If we do not use hash, but only search in an array, we need to access each record sequentially until we find the target record, and the algorithm complexity is n. We can consider why there is such a difference. Arrays can be randomly read, but the array subscript is random, it has nothing to do with the value of the element, so we have to access each element at a successive. With the hash function, we limit the elements that may be stored for each subscript location. In this way, we can use the key value and the hash function to have quite a priori knowledge to select the appropriate subscript to search. In the absence of a hash collision, we only need to select once, we can guarantee that the subscript point to the element is the element we want. Conflict

hash function needs to solve the problem of hash conflict. For example, in the above hash function, "Obama" and "Oaamb" have the same hash value, there is a conflict. How do we solve it?

One scenario is to store the conflicting records in a linked list, so that the hash value points to the linked list, which is called the Open hashing:

Open hashing

When we search, we first find the linked list according to the hash value, and then iterate through the list of search links according to the key value until we find the record. We can use other data structures instead of linked lists.

Open hashing need to use pointers. There are times when we want to avoid using pointers to preserve the advantages of random storage, so we use closed hashing to resolve conflicts.

Closed hashing

In this case, we put the record into the array. When there is a conflict, we place the conflict record in the array where it is still idle, and then the Oaamb is hashed to 480 bits after the middle Obama is inserted. But because 480 is occupied, Oaamb detects the next idle position (by adding 1 to the hash value) and recording.

The key to closed hashing is how to detect the next position. The above is the hash value plus 1. But there can be other ways. In summary, at the time of the first I, we should detect position (i) = (h (x) + f (i))% hashsize position. The value of the hash is added to 1, which is equivalent to setting f (i) = 1. When we are searching, we can use position (i) to detect where the record might appear until the record is found.

(f (i) choice will bring different results, no further in depth here)

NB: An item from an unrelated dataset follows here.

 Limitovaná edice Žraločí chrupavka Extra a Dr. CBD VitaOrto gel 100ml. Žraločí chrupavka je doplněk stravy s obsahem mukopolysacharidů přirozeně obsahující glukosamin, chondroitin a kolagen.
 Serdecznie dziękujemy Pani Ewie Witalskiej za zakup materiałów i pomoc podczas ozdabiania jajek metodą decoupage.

If the array is full, then closed hashing need to do many more probes to find the empty space. This will greatly reduce the efficiency of insertions and searches. In this case, you need to increase the hashsize and put the original records into the new larger array. Such operations are called rehashing.

Http://www.cnblogs.com/vamei/archive/2013/03/24/2970339.html

hash+ linked List

Contact Us

The content source of this page is from Internet, which doesn't represent Alibaba Cloud's opinion; products and services mentioned on that page don't have any relationship with Alibaba Cloud. If the content of the page makes you feel confusing, please write us an email, we will handle the problem within 5 days after receiving your email.

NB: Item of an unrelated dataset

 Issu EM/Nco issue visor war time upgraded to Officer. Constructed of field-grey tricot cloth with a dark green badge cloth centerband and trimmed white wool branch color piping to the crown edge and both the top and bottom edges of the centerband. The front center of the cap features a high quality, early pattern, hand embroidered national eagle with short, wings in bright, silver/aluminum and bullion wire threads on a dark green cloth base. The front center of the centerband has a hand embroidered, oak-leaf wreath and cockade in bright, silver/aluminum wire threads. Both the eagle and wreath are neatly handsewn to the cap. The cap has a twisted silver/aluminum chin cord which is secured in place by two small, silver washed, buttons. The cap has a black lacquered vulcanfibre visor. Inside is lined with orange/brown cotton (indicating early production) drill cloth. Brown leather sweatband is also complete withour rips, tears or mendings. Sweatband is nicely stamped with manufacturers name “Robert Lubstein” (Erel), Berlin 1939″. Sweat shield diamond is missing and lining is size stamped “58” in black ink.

If you find any instances of plagiarism from the community, please send an email to: info-contact@alibabacloud.com and provide relevant evidence. A staff member will contact you within 5 working days.

A Free Trial That Lets You Build Big!

Start building with 50+ products and up to 12 months usage for Elastic Compute Service

  • Sales Support

    1 on 1 presale consultation

  • After-Sales Support

    24/7 Technical Support 6 Free Tickets per Quarter Faster Response

  • Alibaba Cloud offers highly flexible support services tailored to meet your exact needs.